* _DIRECTIONS FOR THIS TASK_:
The data below holds a line containing "El primer ministro" and a line containing "CHiQ TV přináší"; please quote exactly those two lines and every line between them, and nothing else.
(Beginning of EXERCISE INPUT)
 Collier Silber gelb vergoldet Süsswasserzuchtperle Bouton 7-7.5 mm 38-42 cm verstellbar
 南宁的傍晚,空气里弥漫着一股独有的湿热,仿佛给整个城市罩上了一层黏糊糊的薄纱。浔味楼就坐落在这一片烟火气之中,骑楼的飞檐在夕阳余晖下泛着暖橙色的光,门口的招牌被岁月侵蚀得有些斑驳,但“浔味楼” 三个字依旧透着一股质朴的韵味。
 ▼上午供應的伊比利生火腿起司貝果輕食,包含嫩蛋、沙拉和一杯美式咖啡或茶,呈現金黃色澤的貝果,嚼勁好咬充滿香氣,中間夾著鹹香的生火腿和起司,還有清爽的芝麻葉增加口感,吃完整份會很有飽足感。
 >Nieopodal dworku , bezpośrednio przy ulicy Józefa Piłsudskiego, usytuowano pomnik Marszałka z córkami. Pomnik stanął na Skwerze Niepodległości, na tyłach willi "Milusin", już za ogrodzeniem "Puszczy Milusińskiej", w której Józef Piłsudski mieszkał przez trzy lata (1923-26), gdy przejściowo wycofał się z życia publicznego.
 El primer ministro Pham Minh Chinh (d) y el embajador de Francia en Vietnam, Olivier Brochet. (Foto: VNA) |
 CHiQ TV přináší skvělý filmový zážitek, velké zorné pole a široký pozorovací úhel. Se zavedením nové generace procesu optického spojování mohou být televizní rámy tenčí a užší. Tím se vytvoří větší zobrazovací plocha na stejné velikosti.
(End of EXERCISE INPUT)
(Beginning of EXERCISE INPUT)
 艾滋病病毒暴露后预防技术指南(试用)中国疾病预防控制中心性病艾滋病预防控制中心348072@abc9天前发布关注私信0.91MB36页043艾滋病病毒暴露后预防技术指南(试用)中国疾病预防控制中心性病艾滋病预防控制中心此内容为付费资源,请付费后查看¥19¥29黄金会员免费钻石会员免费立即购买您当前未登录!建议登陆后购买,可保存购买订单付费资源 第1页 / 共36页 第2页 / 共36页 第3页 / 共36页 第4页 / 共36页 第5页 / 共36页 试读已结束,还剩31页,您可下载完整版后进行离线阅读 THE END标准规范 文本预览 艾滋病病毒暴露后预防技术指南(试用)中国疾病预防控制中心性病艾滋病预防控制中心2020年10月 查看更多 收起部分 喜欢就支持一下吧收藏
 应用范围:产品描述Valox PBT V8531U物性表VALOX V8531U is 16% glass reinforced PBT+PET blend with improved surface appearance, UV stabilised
(End of EXERCISE INPUT)
* _ANSWER SECTION_:
 El primer ministro Pham Minh Chinh (d) y el embajador de Francia en Vietnam, Olivier Brochet. (Foto: VNA) |
 CHiQ TV přináší skvělý filmový zážitek, velké zorné pole a široký pozorovací úhel. Se zavedením nové generace procesu optického spojování mohou být televizní rámy tenčí a užší. Tím se vytvoří větší zobrazovací plocha na stejné velikosti.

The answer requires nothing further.